Павел Семенович отказался. Его посадили вместе с другими советскими узниками концлагерей в автобус и доставили к советским войскам. Особой отдел переправил их в фильтрационный лагерь Пилау, ныне город Балтийск, недалеко от Кенигсберга.

После небольшой проверки на следующий день Павла доставили город Бреслау, который назывался до войны Вроцлав и был столицей Нижней Силезии на юго-западе Польши – один из старинных и красивейших городов.

Но судьба будто благоволила к парню, настрадавшемуся в немецком плену. Поэтому, видимо, причине, известной только службе НКВД, Павла Семеновича через день посадили на грузовую машину и c десятком бывших узников направили в город Эльс прусской провинции Силезии.

Там и встретил ефрейтор Лошаков Павел Семенович день Победы. Кругом ликовали солдаты, палили в небо из автоматов и пели песни. Павел радовался, что уцелел в жестокой бойне, но и грустил, что для него, видимо, война не кончилась, и не известно, как решит особый отдел – освободит или осудит за плен.

Глава 34


Павла снова допросили, отправили в казарму уже без охраны и сказали:

– Отправляйся в интендантскую часть, разыщи капитана Еременко, доложи, что направлен для прохождения дальнейшей службы. Документы следом пришлем, да смотри там, держи язык за зубами. Легко отделался, благодари случай, что немецкие документы сохранились.

– Есть! – весело козырнул Павел и почти выбежал из расположения особого отдела, радуясь, что для него все закончилось хорошо.

Капитана Еременко Павел Семенович нашел быстро. Он у склада распекал нерадивого солдата, который в чем-то провинился.

Коренастый мужчина стоял спиной к Павлу, оживленно жестикулировал руками, выговаривая бойцу, испуганно замершего в стойке смирно.

Павел Семенович усмехнулся:

– Ишь, как мастерски "бреет" солдата, и по матушки, и по батюшке заворачивает, но надо выручать бойца.

Павел подошел вплотную к капитану и нарочито громко гаркнул:

– Разрешите обратиться, товарищ капитан интендантской службы! Ефрейтор Лошаков прибыл в ваше распоряжение!

Капитан вздрогнул и, круто разворачиваясь к прибывшему солдату, сказал:

– Это, что за лошадиное пополнение пожаловало к нам, когда я шоферов просил в отделе кадров.

Еременко изумленно уставился на парня и замолчал. До Павла не сразу дошло, что знакомая кряжистая фигура принадлежит уважаемому Петру Ивановичу, которого потерял в первой бомбежке их части в начале войны.

– Петр, ты что ли? – неуверенно спросил он, рассматривая грубые черты лица друга.

– Павел, дружище, живой? – закричал Петр и махнул рукой повеселевшему солдату, которого ругал до прихода Павла. – Вольно! Отправляйся на склад, я приду скоро.

Петра Ивановича тоже тогда ранило, как и Павла, но попал он в другой госпиталь. Потом Центральный фронт, затем Белорусский, 1-й Белорусский к концу войны, хлебнул всякого лиха в боях, отличился при боях за Гродно, получил звание младшего лейтенанта и дошел до фашистского логова капитаном.

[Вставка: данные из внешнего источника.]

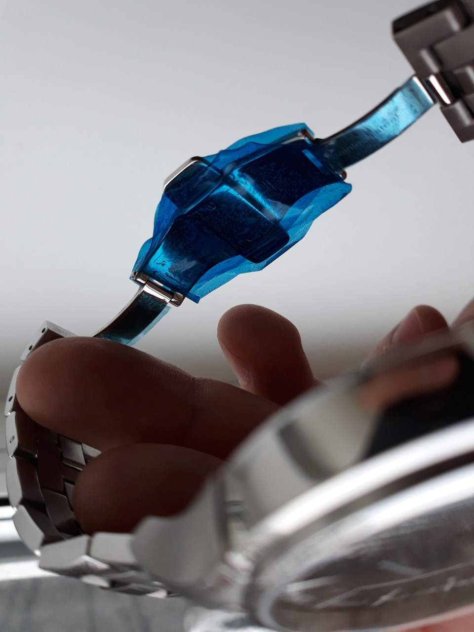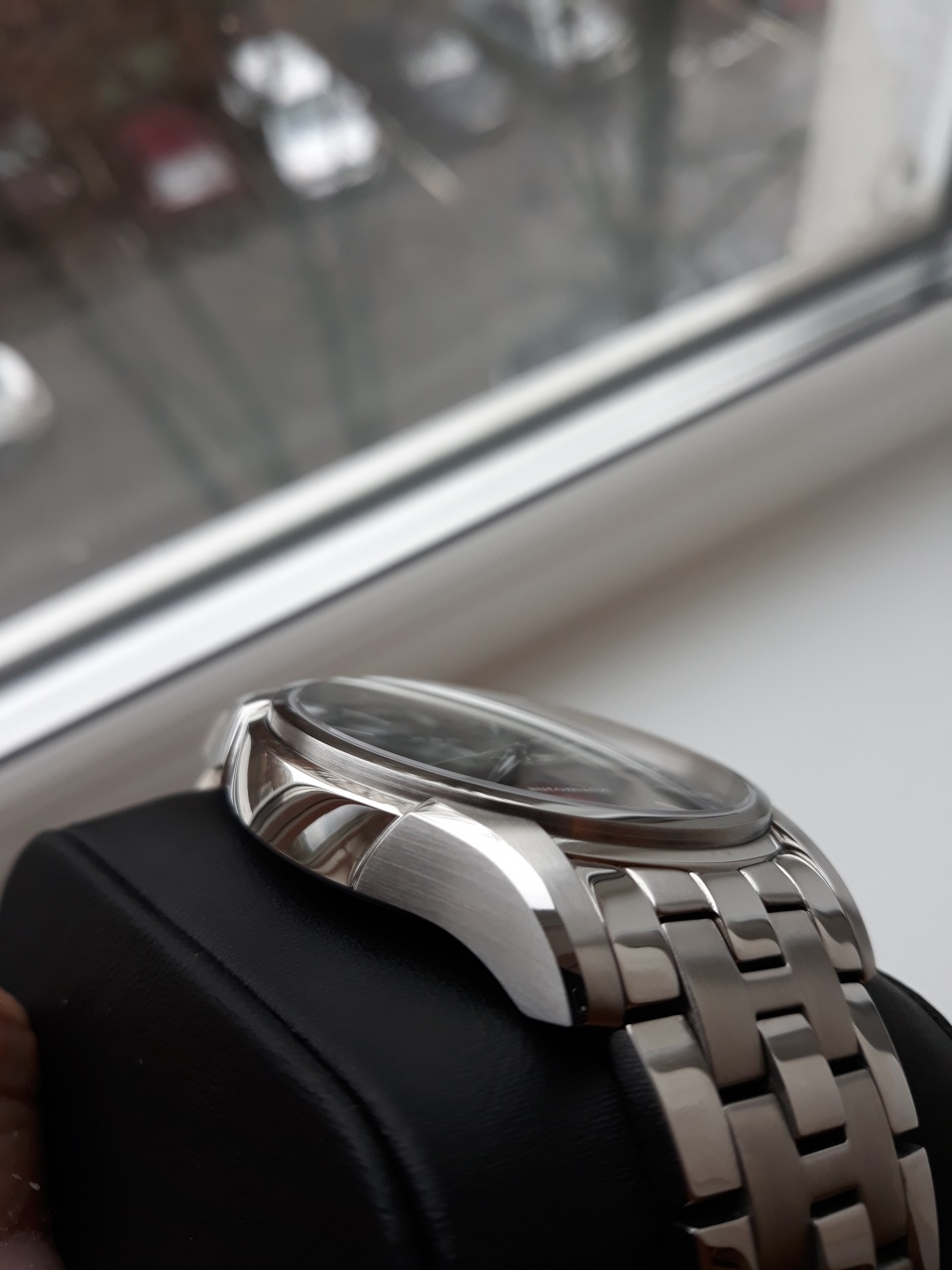 Циферблат очень красивый, читается легко. Накладные стальные метки - просто шикарны, добавляют ВАУ-эффекта часам, в темноте метки и стрелки светятся.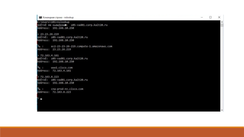 Рассмотрим пример выполнения команды nslookup,

В боях за Варшаву ранило в ногу, с тех пор служил в интендантской роте.

– Теперь, вот, поручено отправлять на родину транспорт с народно-хозяйственными грузами, – сказал тихо Петр. – Так что в ближайшее время не мечтай, вернуться домой. Да и не к чему спешить тебе, пусть все уляжется там, а то, не ровен час, загремишь в сибирь под горячую руку.

– Выходит, Voegel, die zu frueh singen, holt die Katze, – Павел усмехнулся.

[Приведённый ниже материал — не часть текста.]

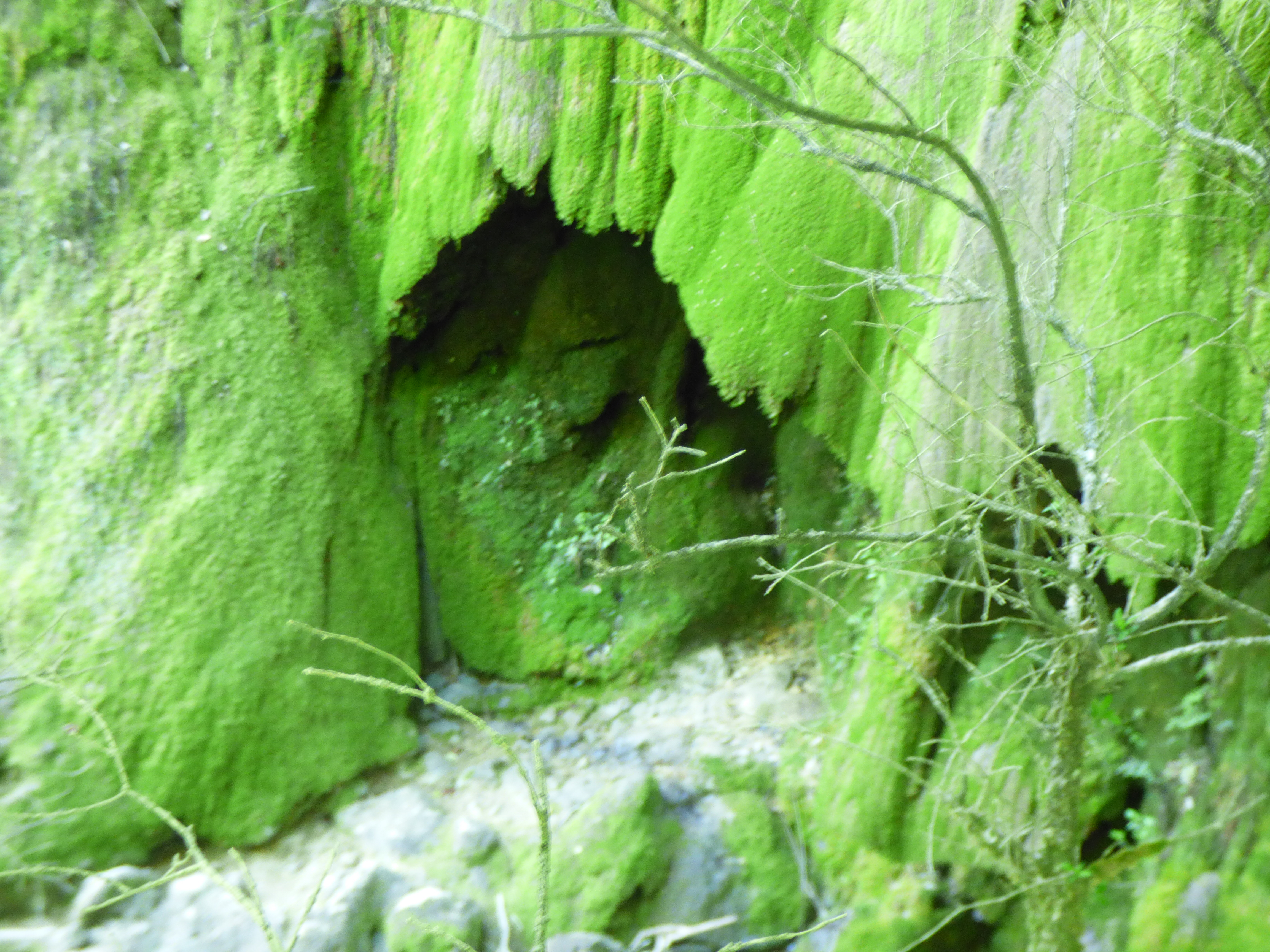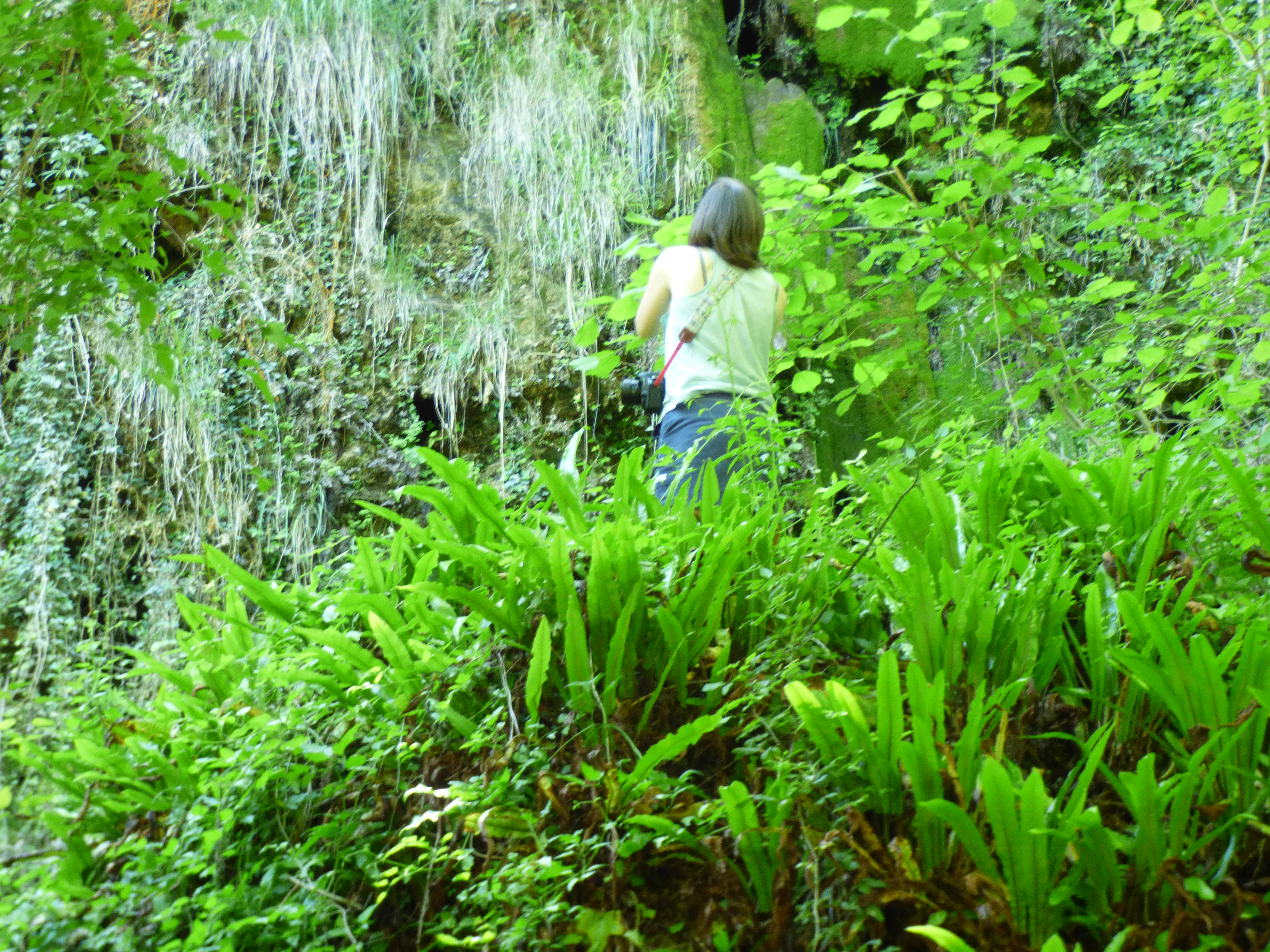 La présence de mousses, de fougères fait du lieu un endroit tout à fait insolite : végétation luxuriante, grottes… nous sommes ailleurs.

– Ты бы аккуратней с немецким языком, везде бродят работники Смерша, услышат, не обрадуешься. В плену насобачился так разговаривать на языке Гансов?

– Да, я ничего особенного не сказал, только, что рано пташечка запела, как бы кошечка не съела. Больше и не знаю ничего, кроме руки вверх и Гитлер – капут. Куда определишь меня?

– Есть мысль одна, к полковнику пристроить на "Виллис", но там сержантская должность. Я попробую представить тебя к званию сержанта, если получится, то полковник – твой.

Американский джип Павел уже видел, полковник оказался дружелюбным и веселым человеком, а обязанности сержанта, личного водителя интенданта, были не обременительными. Павел Семенович с удовольствием катал полковника, ухаживал за машиной и не заметил, как пролетел год.

На казенных харчах Павел поправился, обрел былую силу и блеск глаз. Он очень обрадовался, когда его вызвали в отдел кадров и сообщили, что служба в армии для него закончилась.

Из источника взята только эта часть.